Lateral & total surface area of cylinders | Grade 8 (TX) | Khan Academy
We're told the dimensions of a cylinder are shown in the diagram. Fair enough! What is the lateral surface area of the cylinder, and what is the total surface area of the cylinder? Pause this video and have a go at this before we do this together.
All right, now let's do this together! Let's first focus on the lateral surface area. Lateral refers to the sides of something, so we're really thinking about the sides of the cylinder. We're going to think about the area without the base, I was going to say bottom or base, and the top, right? The total surface area will include the base and the top.
So how will we do that? Well, you might have seen formulas like lateral surface area is equal to perimeter of the base times the height. And what is the perimeter of the base in this situation? Well, the perimeter of the base in this situation is the perimeter of this circle.
The perimeter of the circle is 2 pi times its radius. So we could say, in the case of a cylinder, the lateral surface area is going to be 2 pi r times the height. Let me do height in a different color, so times the height.
Now, before I even calculate this, let's just make sure that that makes sense. How does this formula actually work? I'm a big fan of not just memorizing formulas but really thinking about why it's intuitive. Well, imagine if you were to cut this roll or the cylinder right over here, and then you were to open it up and flatten it out. What would it look like?
Well, the perimeter of the base would then be stretched out like this, and then you would have its height like this, and you essentially now have a rectangle. And how would you find the area of a rectangle? Well, you would multiply the base times the height. This right over here, the base, that is the perimeter. Let me do this in the same color. This is the perimeter of the base, and then the height is the same height right over here.

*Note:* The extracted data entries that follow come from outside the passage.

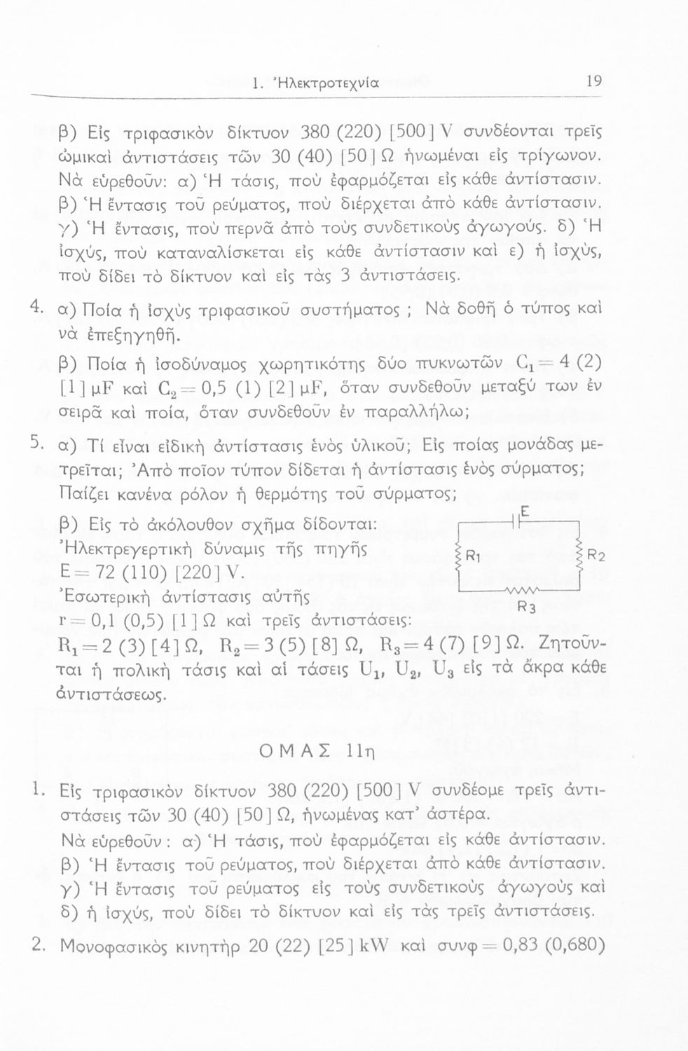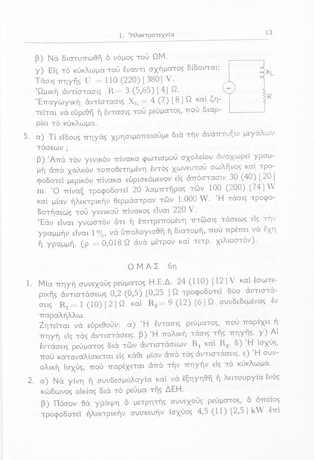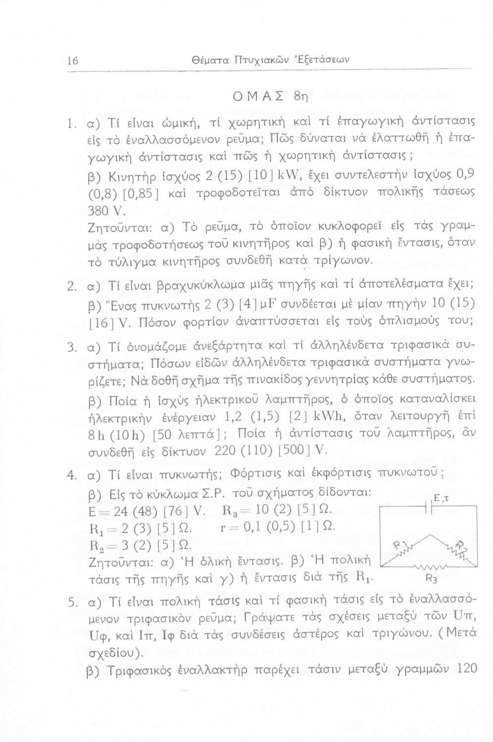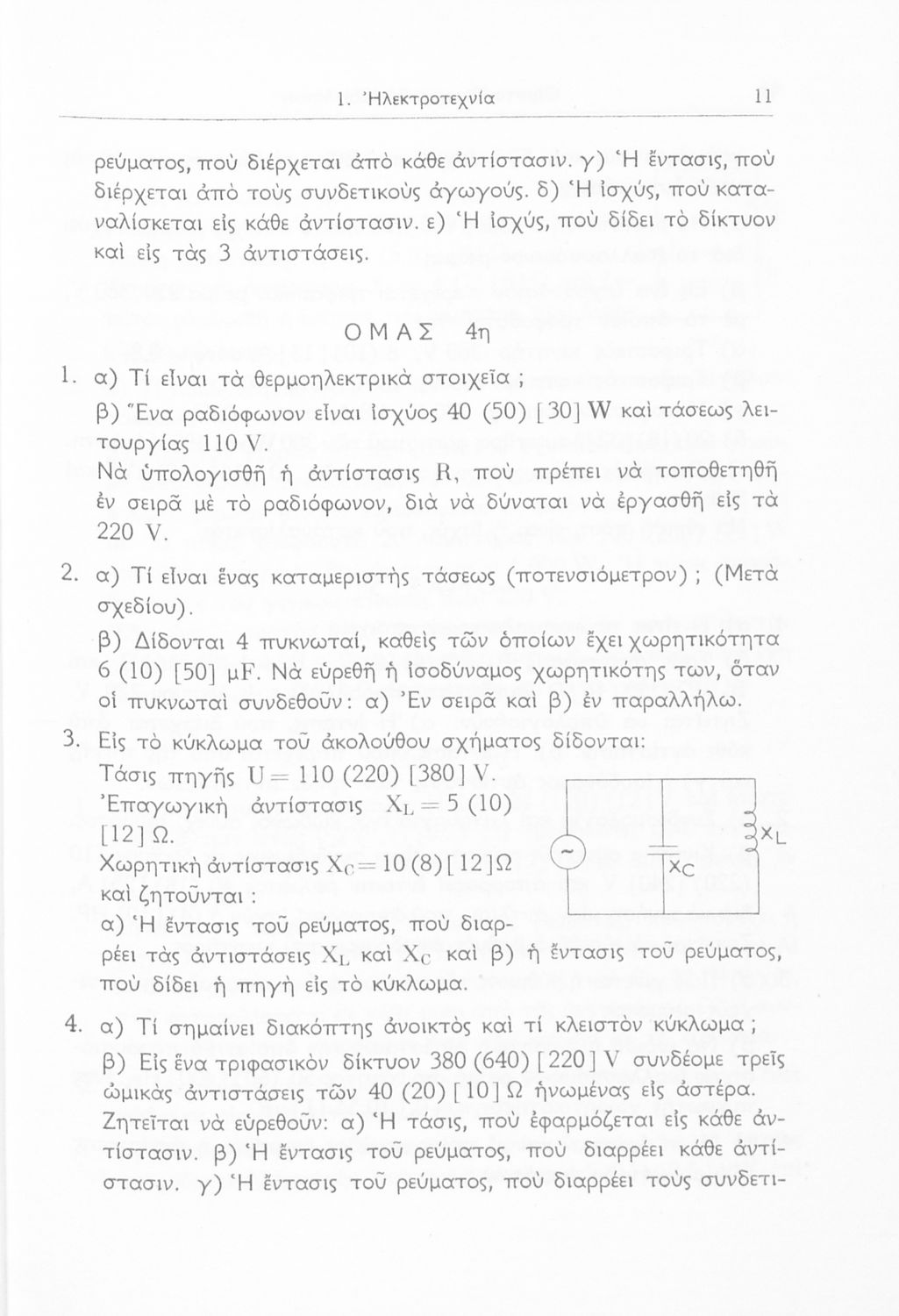 Σχολικό εγχειρίδιο Μηχανικής και Ηλεκτροτεχνίας που περιέχει τα θέματα εξετάσεων για τις τεχνικές σχολές των βοηθών εργοδηγών ηλεκτρικών εγκαταστάσεων.
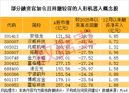 证券时报·数据宝统计,截至12月26日收盘a股杠杆交易平台,12月以来融资净买入超5000万元的人形机器人概念股有23只。这23只人形机器人概念股中,12月26日收盘价与年内高点相比,回撤幅度超20%的有10只。3股回撤幅度超过30%,分别为安培龙、汉威科技、兆威机电。
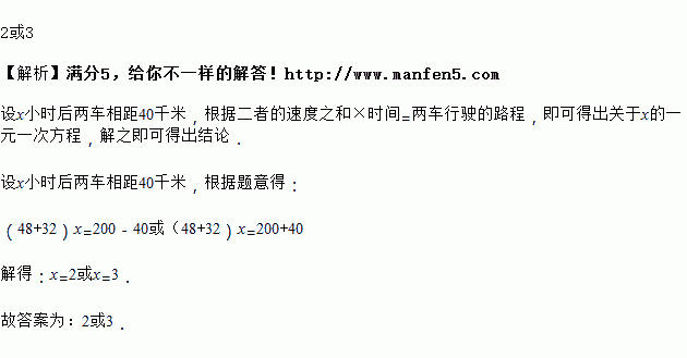 A,B 两地相距 200 千米,甲车以每小时 48 千米的速度从 A 地驶向 B 地,乙车以每小时 32 千米的速度从 B地驶向 A 地,若两车同时出发,________小时后两车相距 40 千米.
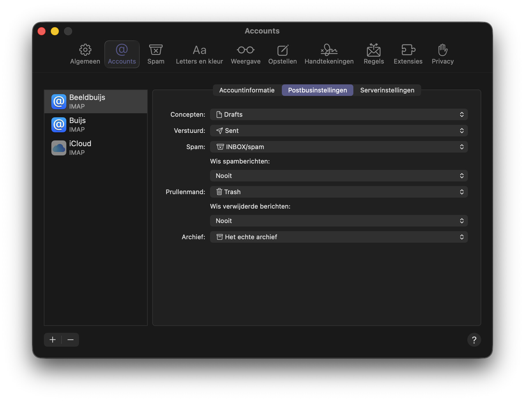 It’s even weirder. On both the Mac and iPhone, the Archive mailbox is set to the Het echte archief mailbox. On the Mac however, the archived mails can be found in the mailbox named Archief (Dutch for Archive), while on the iPhone, the same archived mails can be found in the mailbox named Het echte archief.
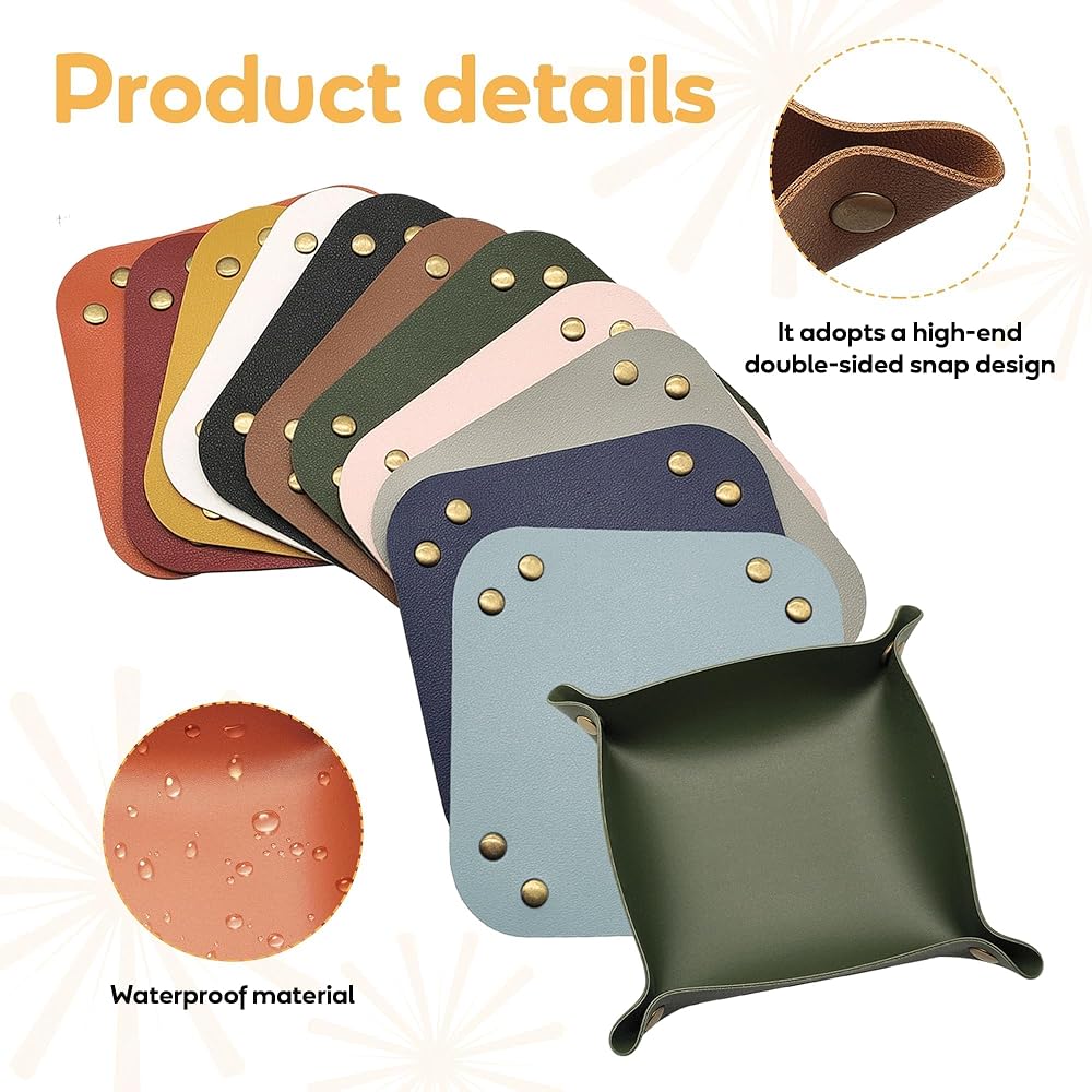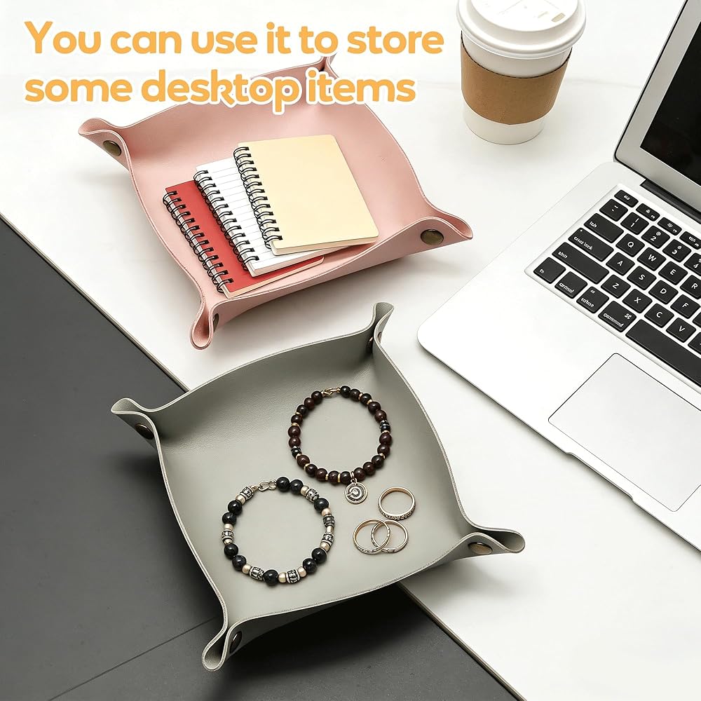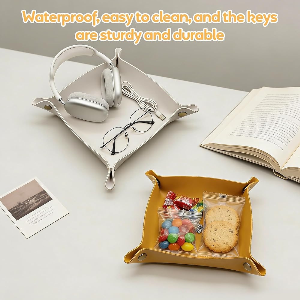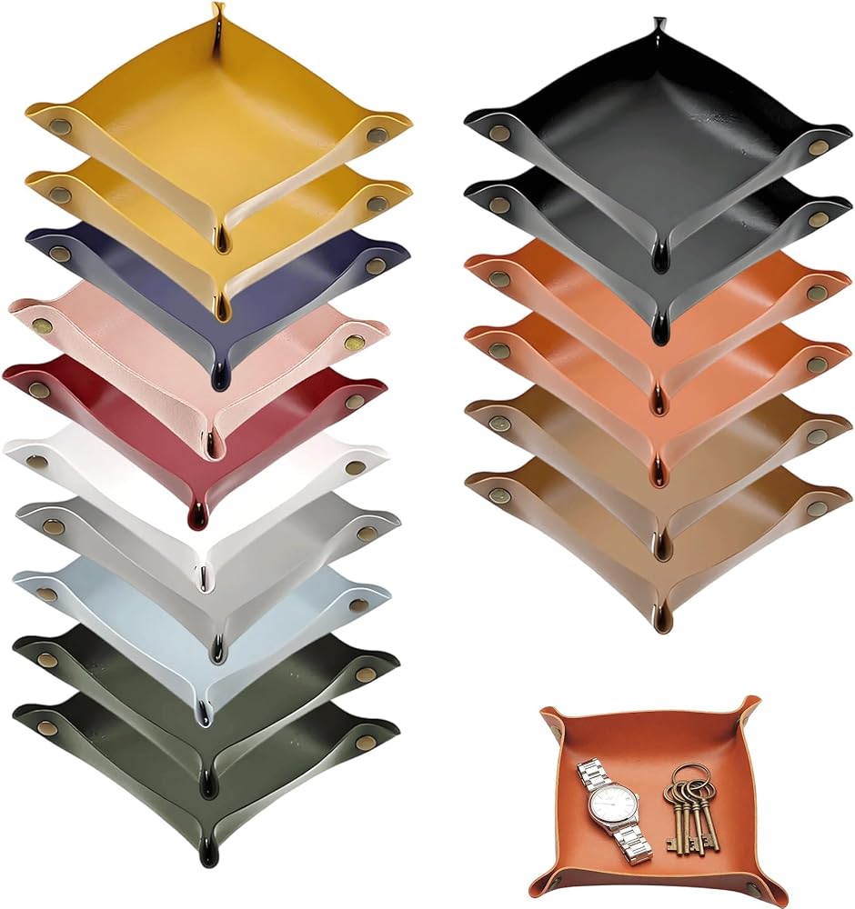 16 Pcs Leather Valet Tray, Key Tray for Women and Men, Foldable Catchall Organizer, Portable Leather Organizer for Entryway Desk for Phone, Keys, Earphone, Watch, Jewelry, Coin(11 Colors)
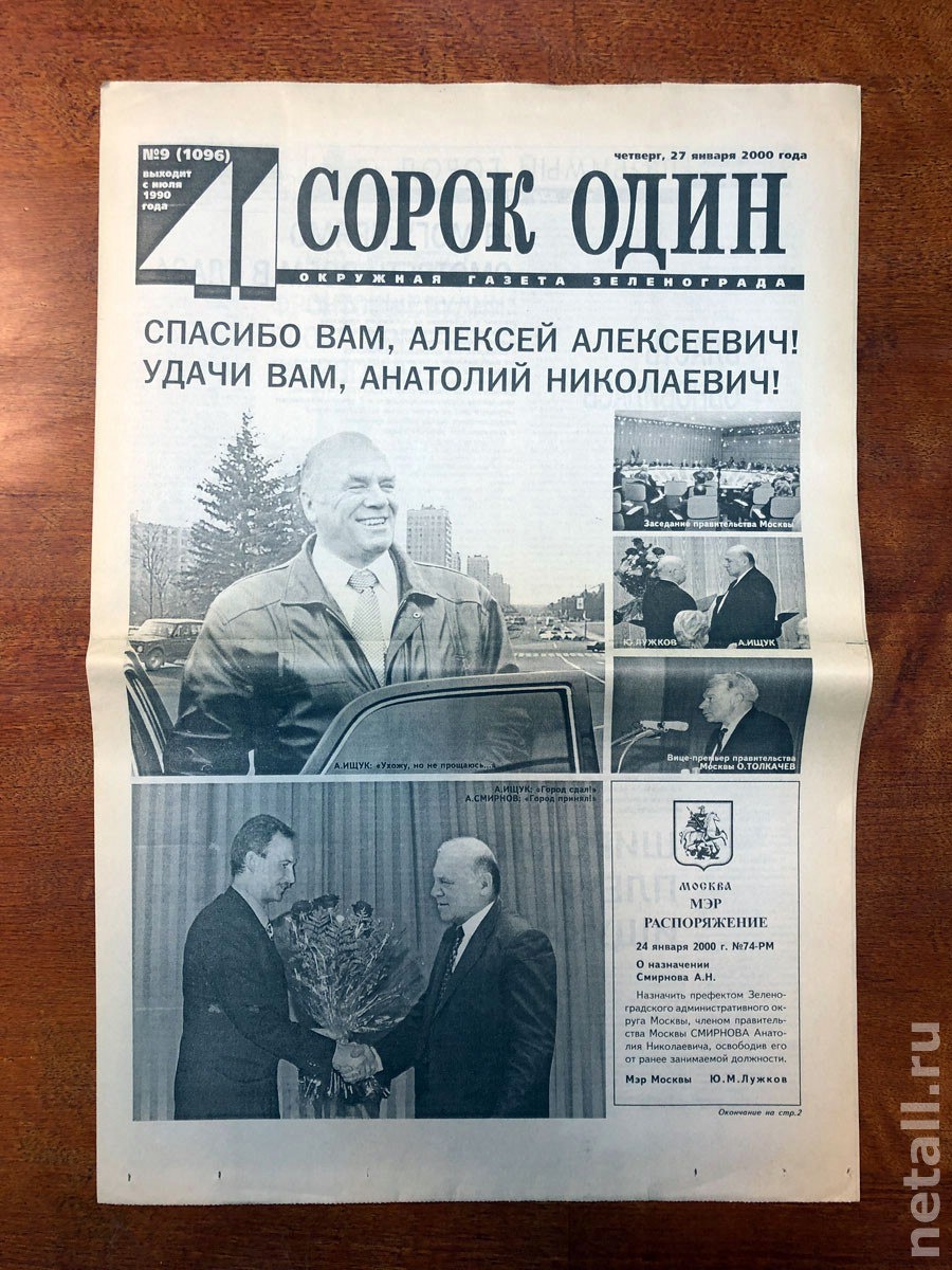 58-летний Алексей Ищук, возглавлявший администрацию Зеленограда в течение 12 лет, уступил кресло своему первому заместителю 45-летнему Анатолию Смирнову, который продолжает руководить городом по сей день. Уже через две недели, 8 февраля 2000 года, новый префект Анатолий Смирнов встречал в Зеленограде правительственную делегацию во главе с исполняющим обязанности президента России Владимиром Путиным, который посетил МИЭТ, где принял участие в открытии Зеленоградского инновационно-технологического центра, и побывал на заводе «Ангстрем». Вскоре в газете «Сорок один» вышло первое большое интервью Анатолия Смирнова подписаться / обсудить в чате

So we're just finding the area of this rectangle when we take the perimeter of the base times the height. Hopefully, something you're familiar with. But now, let's just figure out what these things are. We know that our radius in this situation is four, 4 cm, and we know that our height is 11.
So we can just calculate this. It's going to be equal to 2 * 4 * 11, which is 88. So it's going to be 88 pi, and we are dealing with square cm.
Now let's think about the total surface area of the cylinder. So once again, you might see a formula like this. The total surface area is going to be equal to the lateral surface area, which we've already talked about is 2 pi r h, and then it's going to be plus the area of the base and the top.
Well, what's the area of the base? Well, the area of a circle is pi * the radius squared, or pi r², and we have not just one base, but we have that area again right over here. So that's why we have two of them: 2 pi r². It looks like a fancy formula, but all it is is what we just did plus the area of the top and the bottom.
Well, we also just figured out that this is 88 pi. So now we just have to figure out what 2 pi * r² is. We know that r is equal to 4, so this is going to be 4 squared. Let me actually, let me not try to skip too many steps.
So the total surface area is going to be 88 pi plus 2 * 4². This is going to be 16, so 2 * 16 pi, which is 32 pi.
And 88 pi + 32 pi, let's see, we're going to use 12 of those pi to get to 100 pi. So this is 120 pi.
120 pi, and we're done! If they actually want us to calculate this, we might use a calculator of sorts, but this is — let me write the units there just for good measure — 120 pi square cm.